Syria's elite Tiger Forces, the Hizballah-linked Special Force, and Fourth Armoured Division - backed by Russian airpower - have led the offensive on the IS enclave in the Yarmouk Valley basin in Daraa province.
Around four or five villages remain in the hands of IS, according to Aymenn al-Tamimi, a researcher on Syrian militias, but it appears they too will soon fall to the regime
"[The campaign's success is] probably because of the overwhelming firepower and manpower advantage of the Syrian government, [and] also the intense Russian air raids," Tamimi told The New Arab.
"A number of ex-rebels have joined the fight on the government side."
Under cover of a massive artillery bombardment, regime forces entered the town of al-Shajara on Monday, described as the group's "main bastion".
Around 260 IS fighters have been killed since the regime launched an offensive on the territories in mid-July.

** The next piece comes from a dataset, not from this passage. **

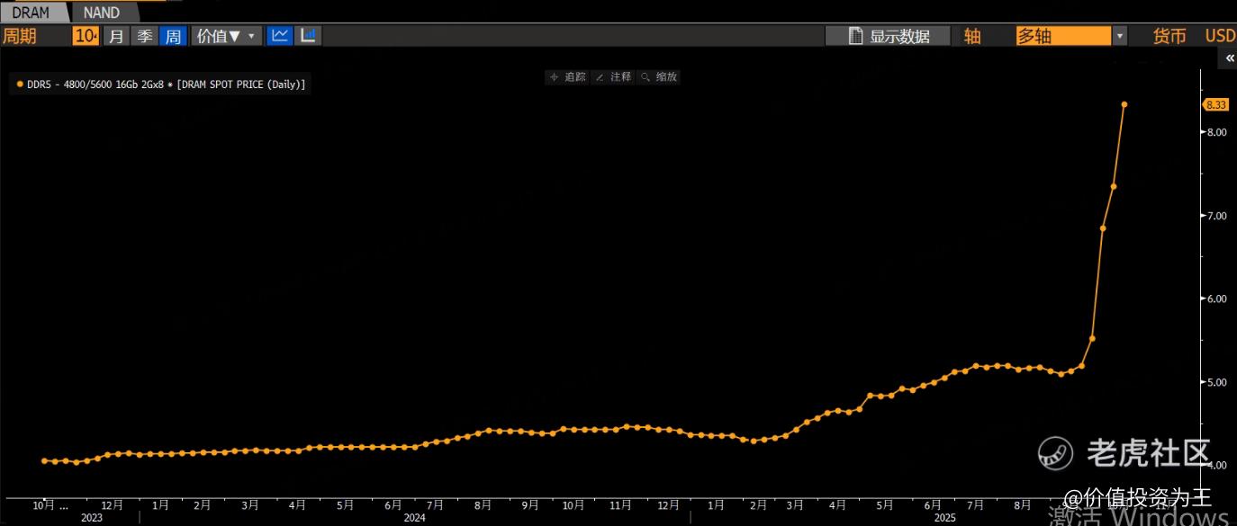 分析师纷纷上调美光目标价,主要是存储芯片价格疯涨,最新的DDR5 16GB达到8.33美元,一个月前也就5美元左右:

It is not clear how many civilians have died amid the barrage of rockets and bombs hitting the Yarmouk Valley area, but images of recently recaptured towns and villages indicate the death toll could be high.
Syrian state news agency SANA reported the death of al-Shajara's commander Abu Walid al-Masri during clashes on Monday. The fate of Jaish Khalid bin al-Waleed's other leaders remains unknown.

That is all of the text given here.